According to a 2019 report from Startup Genome, nine out of 10 startups across all industries around the world fail, which is an incredibly discouraging statistic. But your startup doesn’t have to be one of them.

A startup that develops solid foundations will have the upper hand when it comes to achieving longevity – and keeping up with momentum. A genuine grasp on market trends, a deep understanding of clientele, extensive experience in the industry and market, a healthy respect for the competition and strong relationships with colleagues and resource providers are all fundamental for a startup business to grow and flourish.

Scale Up Responsibly

Your startup has you motivated and ready to take on the world … but don’t jump the gun. Of course you want to pursue growth and see results. But if you scale up prematurely, without the infrastructure, resources and investment in place to facilitate speedy expansion, any growth you achieve immediately will see you catapult upwards in the short-term only for you to inevitably crash and burn, as so many startups have done before.

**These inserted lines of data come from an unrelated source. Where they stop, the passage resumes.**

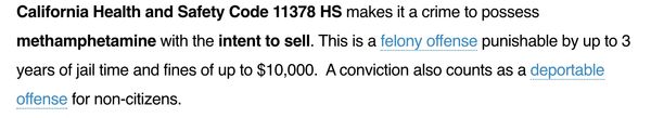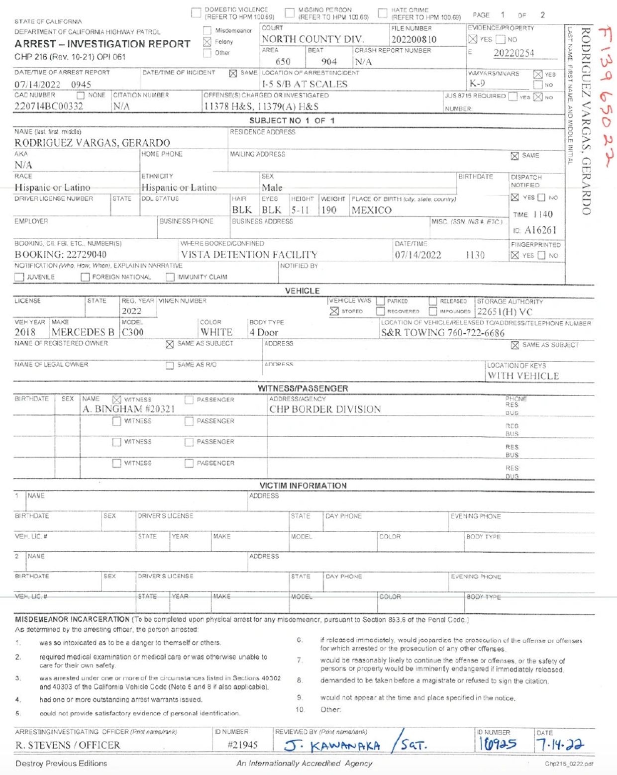 El informe del CHP indica que Gerardo Rodríguez violó 11378 del Código de Salud y Seguridad, lo que hace que sea un FELONIA poseer metanfetamina con la intención de venderla.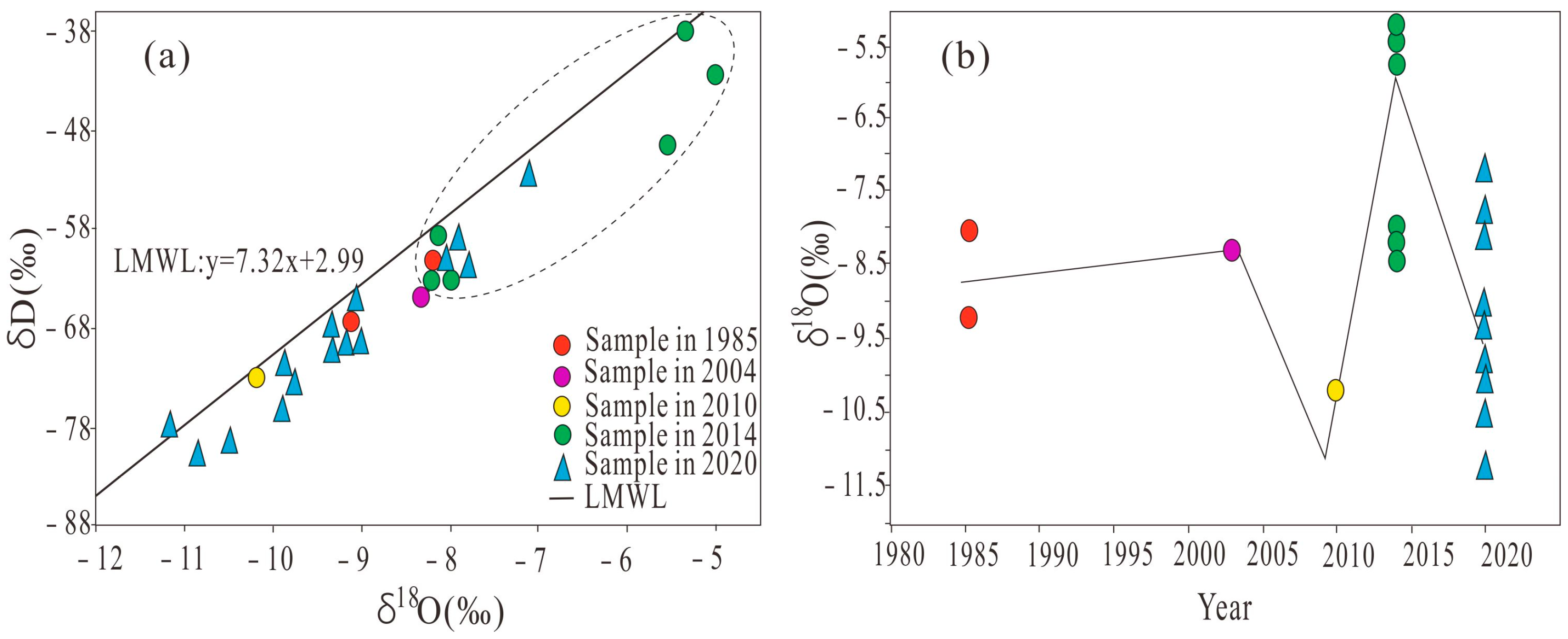 Figure 10. Temporal variation in δ18O in SG. (a) Distribution of δD and δ18O; (b) annual variation in δ18O. The dashed ovals in figure (a) represent of the sample in 2014.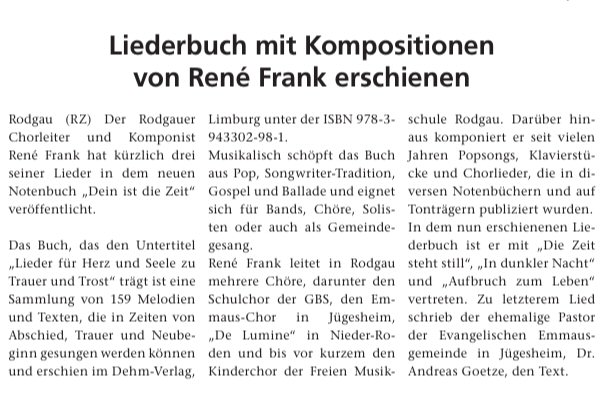 Wochenzeitung "Rodgau Post" am 26.09.2025 zu dem Liederbuch "Dein ist die Zeit":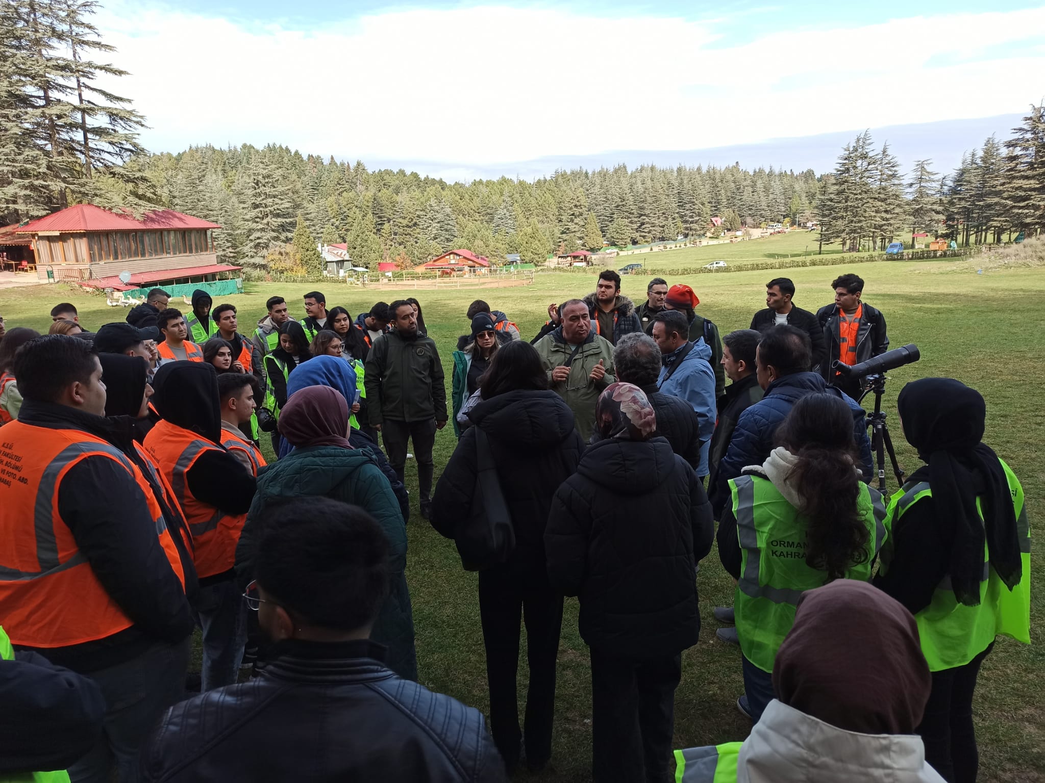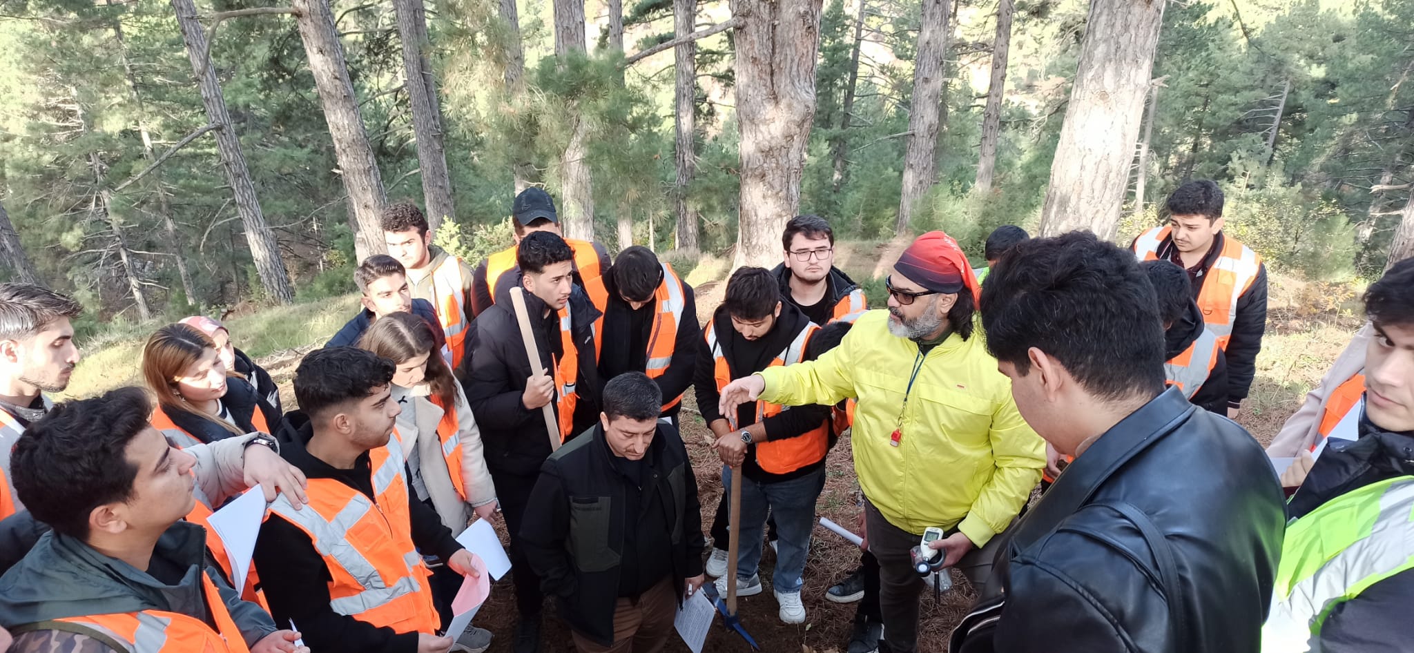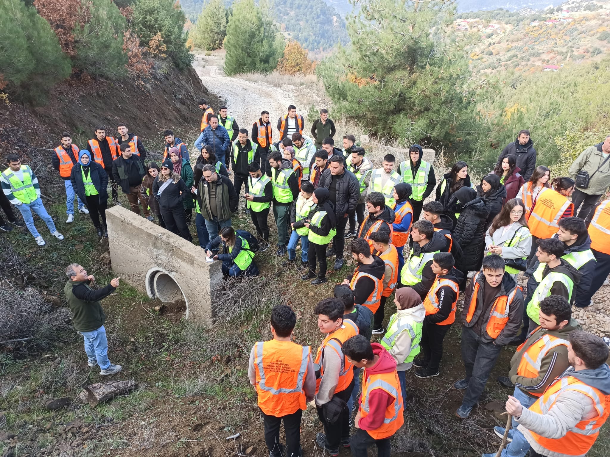 Bölümümüz 2. ve 3. sınıf öğrencilerine yönelik; "Yaban Hayatı ve Amenajmanı (Prof. Dr. Selçuk İNAÇ) , Toprak İlmi (Doç. Dr. Emre BABÜR), Ölçme ve Harita Bilgisi (Doç. Dr. Sercan GÜLCİ), Genel Ekoloji (Dr. Öğr. Üyesi Uğur KEZİK) ve Orman Yolları (Doç. Dr. Neşe GÜLCİ)" dersleri kapsmında 04.12.2025 tarihinde Başkonuş Araştırma Ormanımızda arazi uygulaması gerçekleştirilmiştir. Öğrencilerimize ilgili dersler bünyesinde önemli bilgiler anlatılmıştır. Arazi uygulamasında; Kahramanmaraş Doğa Koruma ve Milli Parklar Müdür V. Faruk TÜLÜCÜ, Başkonuş Orman İşletme Şefi Halil KÜRTÜL, Makina İkmal Şube Müdürlüğünden Ziraat Mühendisi Faruk Ziya BİLİCİ' de bulunmuştur.

“If you’re scaling as it’s needed, you’ll set your company up for success; if you’re scaling before you’re ready, you’re putting your company at risk,” Founder and CEO of MessageBird Robert Vis told Entrepreneur.com. “After all, scale isn’t the end game. The end game is building something your customers want and, in turn, creating a strong, sustainable business. Scale is just a means to that end.”


Know Thy Customer

A great idea will be just that ­– an idea – unless you can identify who it is your startup is serving. Get to know your target market intimately by utilizing the insights of big data and analyzing your own market research.  It’s also essential to reach out to people within your own personal network to gather as much information as possible about who it is that will buy into what you’re trying to sell.

“By neglecting to research customer needs before commencing their engineering efforts, entrepreneurs end up wasting valuable time and capital on minimum viable products that are likely to miss their mark. These are false starts,” Tom Eisenmann, Howard H Stevenson Professor of Business Administration at Harvard Business School, explained.


Throw out the rule book

If you’re creating something that is going to revolutionize the market, you’re going to have to approach your startup’s growth in a revolutionary way. That means doing away with traditional marketing techniques and writing your own script.

Staying on top of social media and marketing trends is essential. Applying your content strategy in uniquely creative and clever ways will assist you in directly engaging with your target market and opening opportunities. Work to develop your singular style, be consistent, communicate regularly and remain resolutely authentic to create and grow a loyal following for your brand and products.


Get Competitive

Do you know who you’re up against? How are they progressing? How does your operation differ to theirs? What are they doing better? Keeping a close eye on your competitors is useful for in understanding the challenges you’re facing – or are yet to face – as you navigate your way to the top. After all, your competitors may also offer insights on avoiding pitfalls and taking short cuts. While you want to continue to tread your own path and not copy your competitors, gaining insight into their journeys will inevitably assist you in navigate your own.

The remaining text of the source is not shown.